Do not copy hardcoded node names, internal domains, object-storage endpoints, or any credentials out of the deployment repository. Those are one operator's environment. Substitute your own values — for example <primary-node>, your-domain.example, <s3-endpoint> — and keep secrets out of version control.

What gets deployed

The cluster runs Care plus its data stores and a few adjacent applications. Use this table to size your nodes and storage. "Persistent" means the component needs a persistent volume that survives pod restarts and is included in backups; "non-persistent" means it can be recreated from scratch with no data loss.

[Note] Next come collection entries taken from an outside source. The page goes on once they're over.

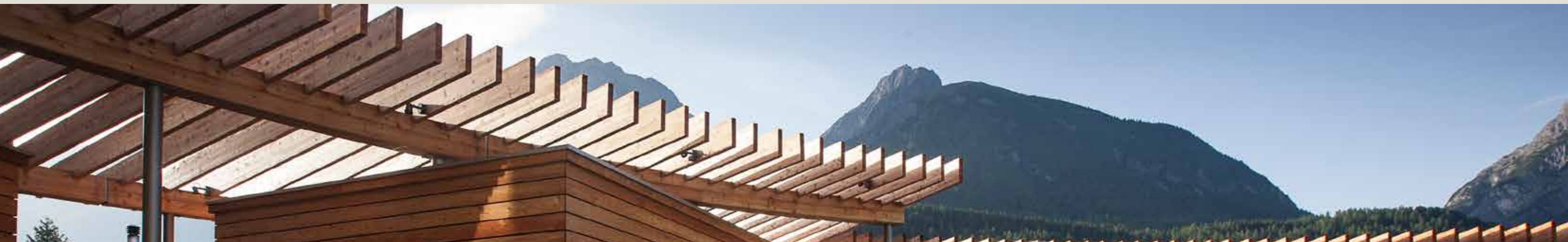
Panorama illa cuntrada da saunas dadoura / Panorama in der Saunalandschaft aussen
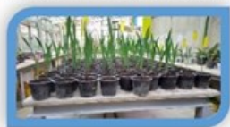
۶- گذراندن دوبار دوره رویشی
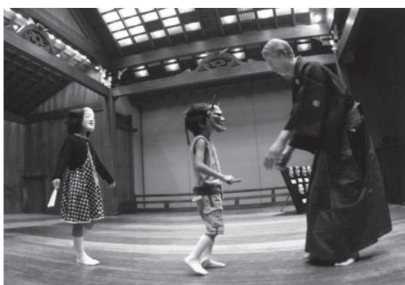
◀助成団体：財団法人大槻能楽堂 助成基金：片山千歳古典芸能振興基金
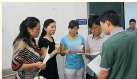
▲班主任组织召开班委会
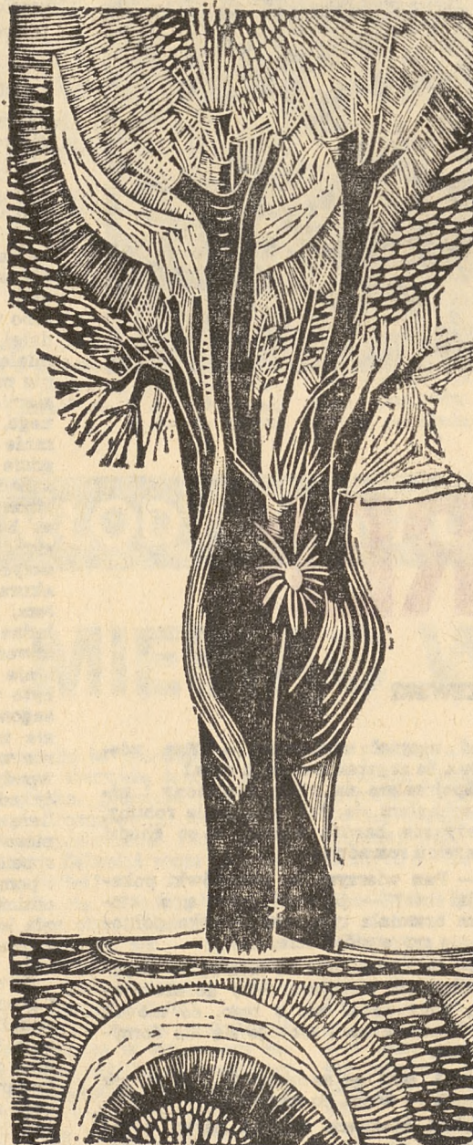
Z. Jóźwik: „Kompozycja” (linoryt)

trzeba mieć odwagę by przeciwstawić się prawom przemijania
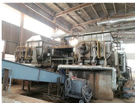
浦项 ( 张家港 ) 不锈钢干燥现场
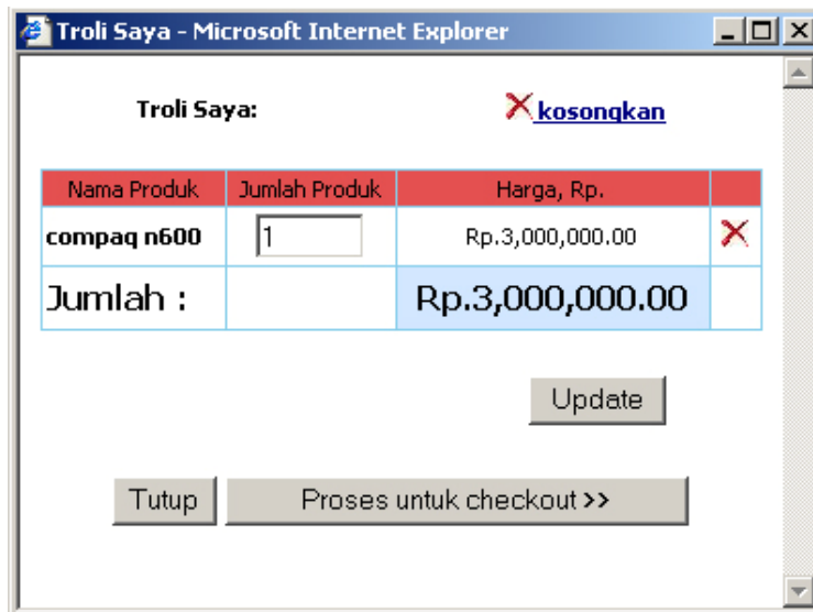
Gambar 1.3 Proses checkout
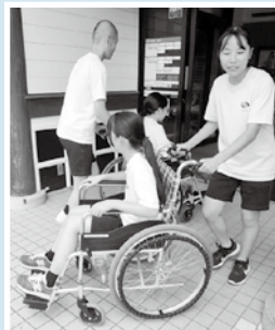
福祉教育推進事業 (吉田中学校・車イス体験の様子)
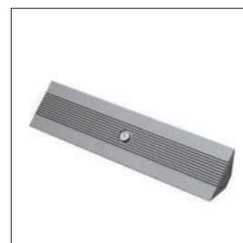
Mikrofon trekantstlist Fritt stående på disk eller fast mont. på vägg (200 x 42 x 61 mm) 111-08133
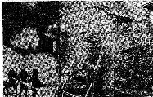
すぐ119番へノボヤと大火事はその短い時間でさまる

本の種類 本の種類は、小説・歴史・詩歌 などの学問と一般書物、実 用書、児童書、雑誌など全般的 なり、四百冊ほど用意してあ る。
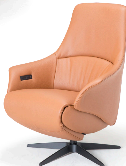
Afgebeeld: NV1027L met voet 32
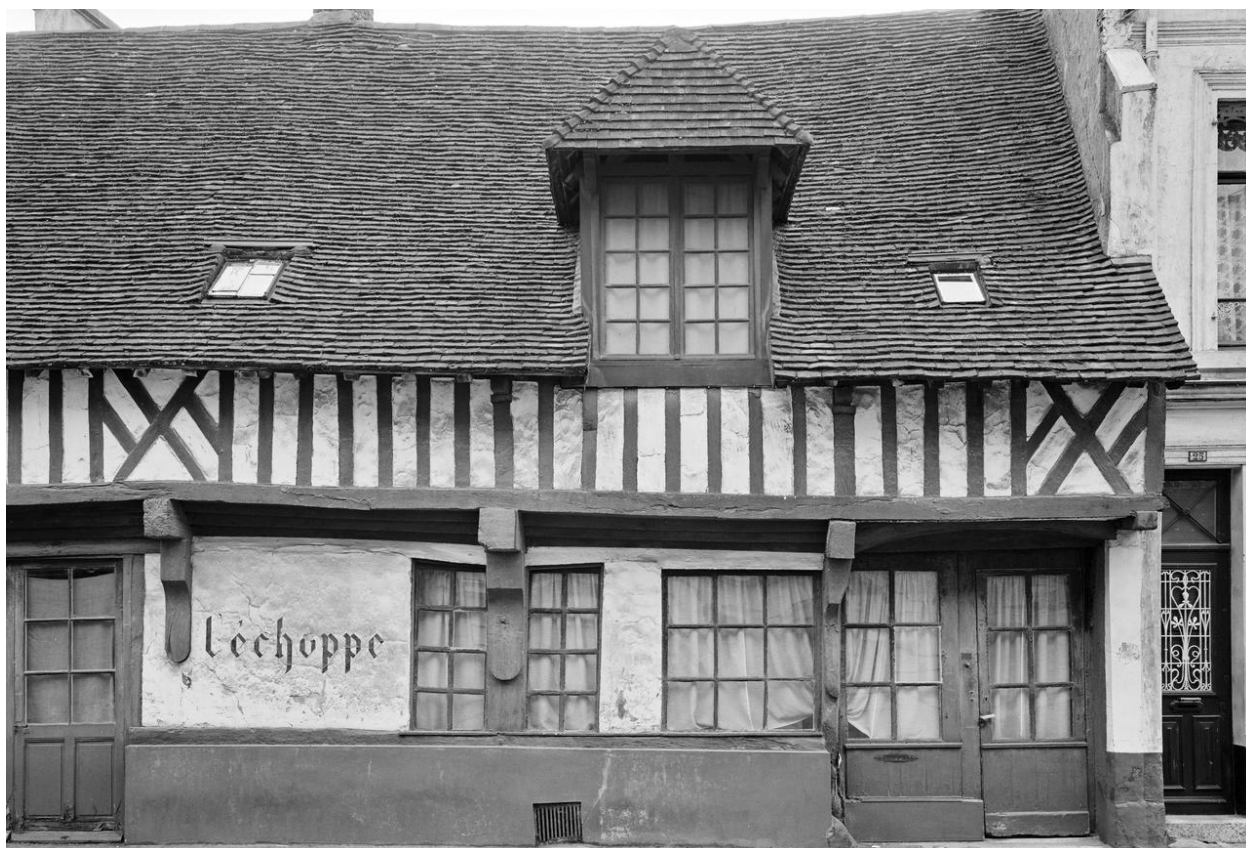
Le Petit-Écu. Façade sur rue (1981).
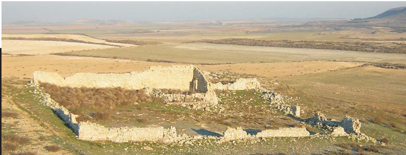
Corral de Catalán de Carbonera

Su empleo como lugar de resguardo para el ganado ovino y caprino se traduce en una característica organización interna a partir de una parte cubierta, otra descubierta y, frecuentemente, una caseta como lugar de habitación con hogar para los pastores (aunque también fuera usada habitualmente por labradores). Algunos tienen un caño como sustitución o apoyo a la caseta pastoril. Todos ellos poseen una planta rectangular en la que los cubiertos suelen situarse en su lado occidental abriendo por tanto hacia el raso en una orientación Este o Sureste. Tampoco es raro que el propio descubierto esté dividido en dos o cuatro fragmentos así como que la caseta del pastor se sitúe integrada en el muro del raso situado frente al cubierto y, por tanto, en el lado Este o Sureste del conjunto. Son de un tamaño regular aunque unos pocos son claramente más pequeños.
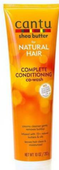
Cantu Natural Hair Conditioning Co-Wash
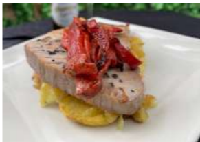
— TAPA 2 — TRES ALTURAS

Lomo de cerdo con beicon y queso, en empado y salsa de queso
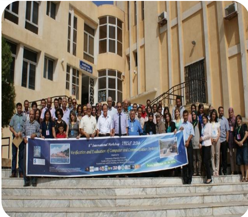
Workshop International sur la vérification et l'évaluation des systèmes informatiques et de communication les 29 et 30 Septembre 2014
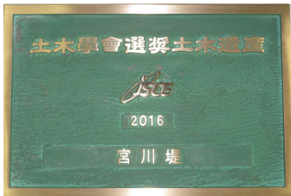
土木学会選奨土木遺産プレート

ComponentShapeStorageBackups
Care backendMultiple web workers + Celery workers + a Celery schedulerNone (stateless)N/A
Care frontendServed via nginx; image built locally and pushed to the registryNone (stateless)N/A
PostgreSQL (Care)Production mode, single primaryPersistentDaily/configurable, to disk and optionally to S3-compatible storage
RedisCache/broker, non-persistent modeNoneNone
OpenSearchSingle node, minimal configurationPersistentDaily/configurable, to external media
Object storeSelf-hosted S3-compatible store for uploads, audit logs, and public dataPersistentIncremental syncs to external storage
OdooWeb workers + Celery workers (with autoscaling)Via its databaseSee Odoo Postgres
PostgreSQL (Odoo)Dedicated instance, same hardening as Care's PostgresPersistentDaily/configurable, to external media
MetabaseAnalytics app (with autoscaling)Via its databaseSee Metabase Postgres
PostgreSQL (Metabase)Dedicated instance, same hardening as Care's PostgresPersistentDaily/configurable backups of its volume

Alongside the application components, the cluster also provides:

  • Load balancing — in front of the cluster, with separate load balancing for the object store and for Metabase where that isolation helps.
  • WAF / firewall routing — at the ingress, so traffic is filtered before it reaches application pods.
  • Central logging — file-based logging to a persistent volume, with the ability to pipe logs to external destinations.
info

The deployment also targets auto-restore: a fresh cluster should be rebuildable from the backups above. That capability depends on every persistent component having a working, tested backup. Confirm your backups restore before you rely on them — see day-2 operations.

Before you proceed

You are ready to start provisioning the cluster once you can check every box:

  • Two (or more) Linux nodes are reachable on a shared network, with their IPs and data paths chosen.
  • Your workstation has kubectl, kubeadm, tofu, helm, and the Cilium CLI installed.
  • Python 3 is available and pip install -r requirements.txt has succeeded.
  • A container registry is reachable (self-hosted or managed).
  • An S3-compatible bucket and credentials exist for backups.
  • DNS records and a TLS certificate (e.g. a Let's Encrypt wildcard) are ready for your domains.